# RECORDS SHOWN

___

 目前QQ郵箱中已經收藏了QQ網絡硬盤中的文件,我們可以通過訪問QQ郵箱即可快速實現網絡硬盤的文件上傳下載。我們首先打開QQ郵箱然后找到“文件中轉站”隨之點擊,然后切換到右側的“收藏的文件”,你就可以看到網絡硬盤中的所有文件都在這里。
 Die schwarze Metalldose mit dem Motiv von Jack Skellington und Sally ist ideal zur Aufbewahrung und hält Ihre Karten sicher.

___

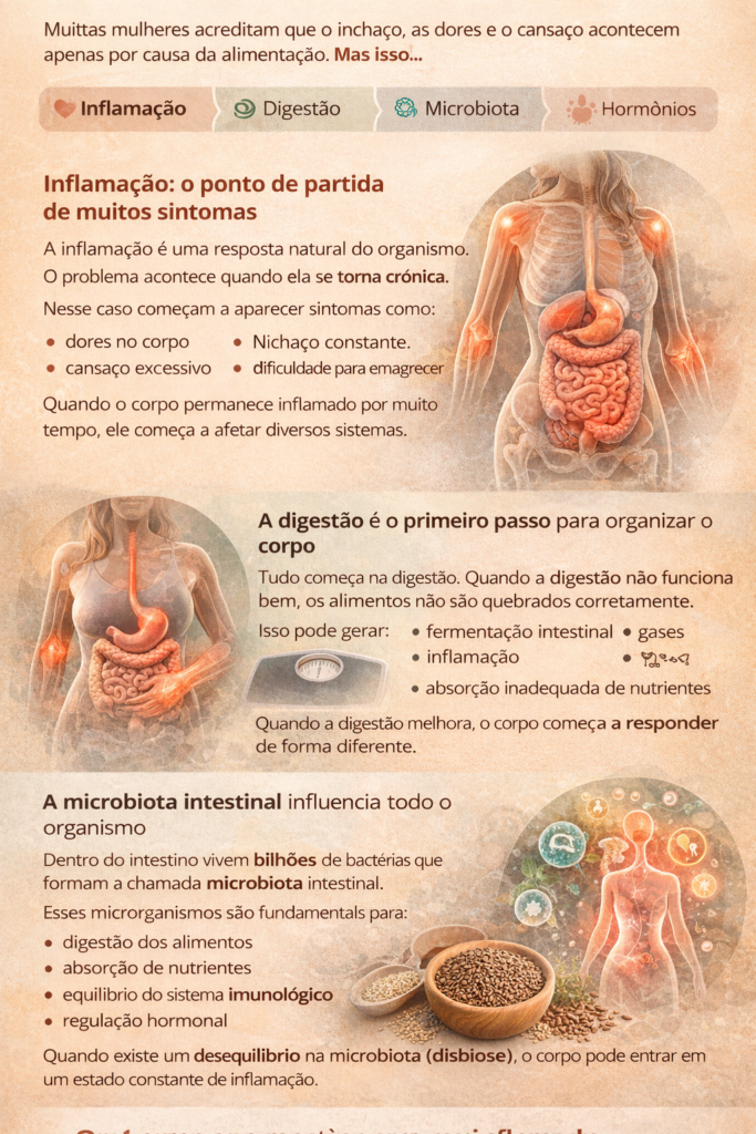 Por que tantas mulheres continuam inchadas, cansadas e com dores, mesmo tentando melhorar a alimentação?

___

# PROBLEM TO SOLVE
All lines in the listing above between the line with "目前QQ郵箱中已經收藏了QQ" and the line with "Die schwarze Metalldose", inclusive, should be set down exactly, and no line outside that range.

# EXERCISE SOLUTION
 目前QQ郵箱中已經收藏了QQ網絡硬盤中的文件,我們可以通過訪問QQ郵箱即可快速實現網絡硬盤的文件上傳下載。我們首先打開QQ郵箱然后找到“文件中轉站”隨之點擊,然后切換到右側的“收藏的文件”,你就可以看到網絡硬盤中的所有文件都在這里。
 Die schwarze Metalldose mit dem Motiv von Jack Skellington und Sally ist ideal zur Aufbewahrung und hält Ihre Karten sicher.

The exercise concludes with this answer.